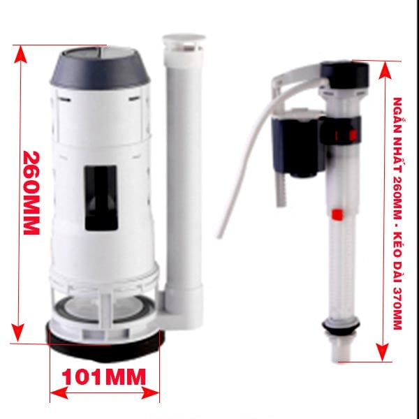 Cọc cấp nước với van phao thông minh, có thể điều chỉnh độ dài ngắn tùy theo kích thước của két nước. Chiều dài tối đa khi kéo lên tới 37cm
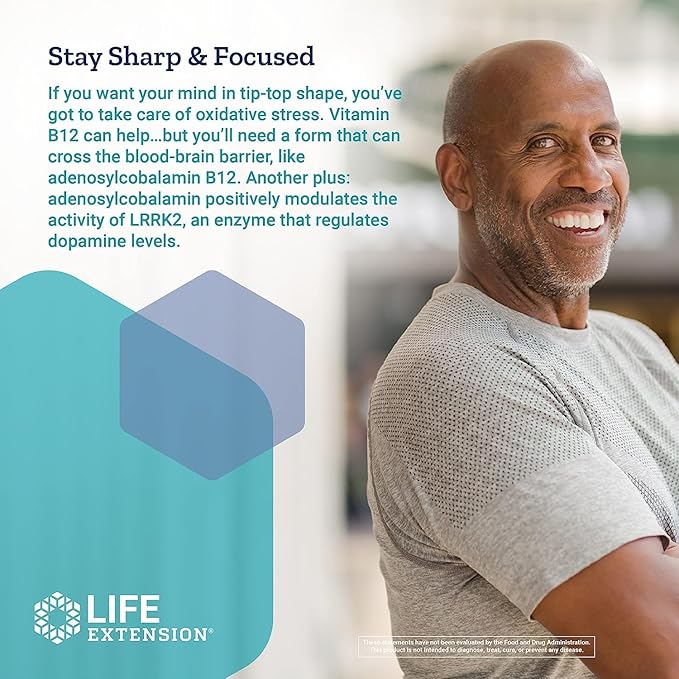 • STAY SHARP & FOCUSED – If you want your mind in tip-top shape, you’ve got to take care of oxidative stress. Vitamin B12 can help...but you’ll need a form that can cross the blood-brain barrier, like adenosylcobalamin B12. Another plus: adenosylcobalaminpositively modulates the activity of LRRK2, an enzyme that regulates dopamine levels.
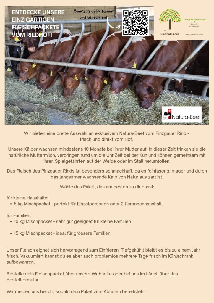Fr. 180.00  für ein   5 kg ( nur für 2 Personen Haushalt) Mischpaket Pinzgauer Natura Beef

**TASK TO COMPLETE**
Without the pictures, repeat the listing above exactly.

**TASK RESULT**
 Cọc cấp nước với van phao thông minh, có thể điều chỉnh độ dài ngắn tùy theo kích thước của két nước. Chiều dài tối đa khi kéo lên tới 37cm
 • STAY SHARP & FOCUSED – If you want your mind in tip-top shape, you’ve got to take care of oxidative stress. Vitamin B12 can help...but you’ll need a form that can cross the blood-brain barrier, like adenosylcobalamin B12. Another plus: adenosylcobalaminpositively modulates the activity of LRRK2, an enzyme that regulates dopamine levels.
Fr. 180.00  für ein   5 kg ( nur für 2 Personen Haushalt) Mischpaket Pinzgauer Natura Beef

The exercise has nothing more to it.